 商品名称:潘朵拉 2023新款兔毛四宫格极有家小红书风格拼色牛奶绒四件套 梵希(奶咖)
================
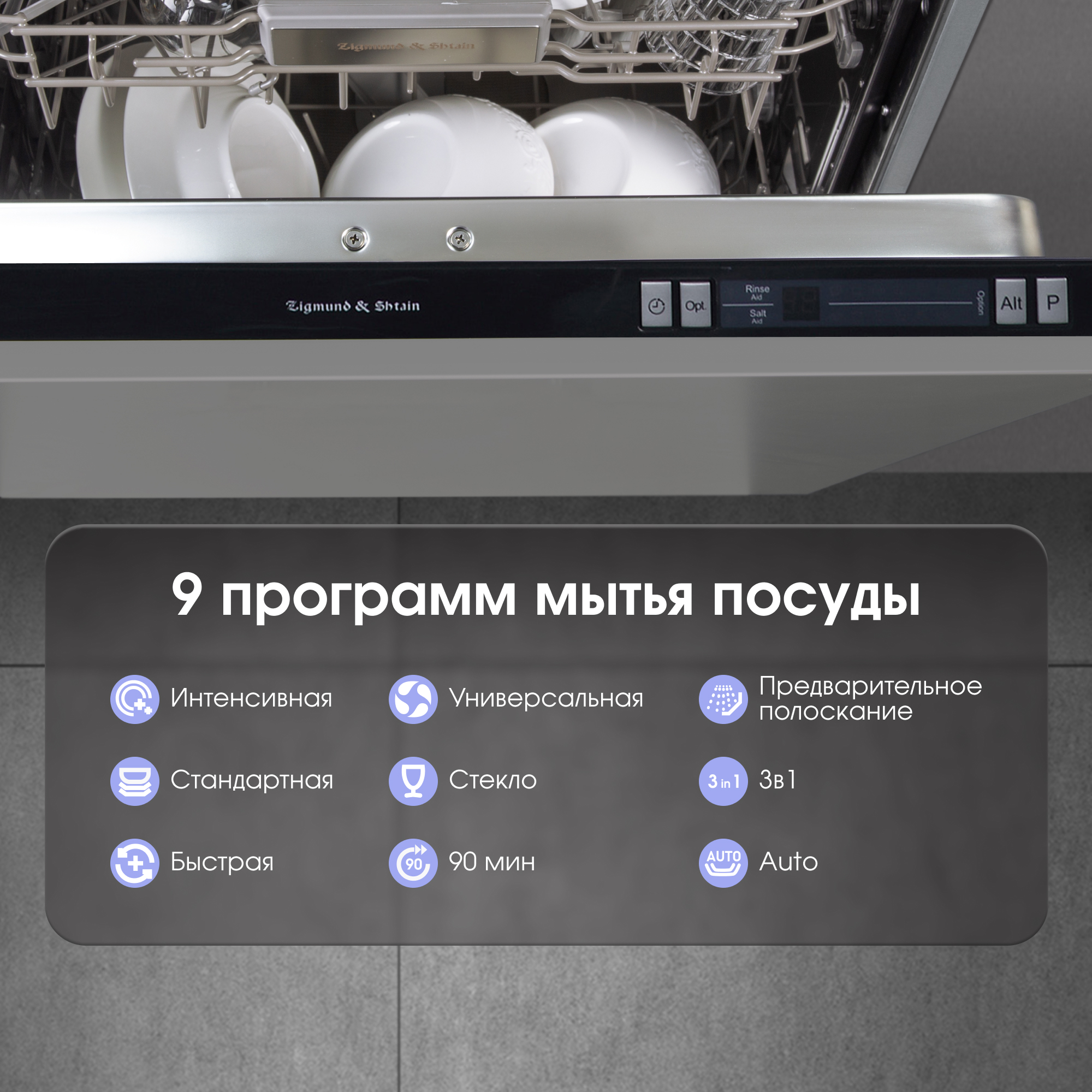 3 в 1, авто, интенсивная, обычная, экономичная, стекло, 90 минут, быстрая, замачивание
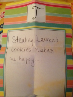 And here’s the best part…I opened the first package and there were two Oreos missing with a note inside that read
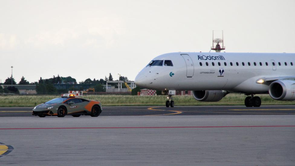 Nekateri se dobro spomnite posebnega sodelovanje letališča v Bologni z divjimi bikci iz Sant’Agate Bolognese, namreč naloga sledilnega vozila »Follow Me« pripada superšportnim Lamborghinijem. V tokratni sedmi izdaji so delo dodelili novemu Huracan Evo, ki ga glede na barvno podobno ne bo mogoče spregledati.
================
▸ Try it
Find the line with "3 в 1, авто, интенсивная, обычная, экономичная, стекло, 90" in the entries above. Set down exactly every line from it up to and including the line with "And here’s the", images excluded.

▸ Output of the task
 3 в 1, авто, интенсивная, обычная, экономичная, стекло, 90 минут, быстрая, замачивание
 And here’s the best part…I opened the first package and there were two Oreos missing with a note inside that read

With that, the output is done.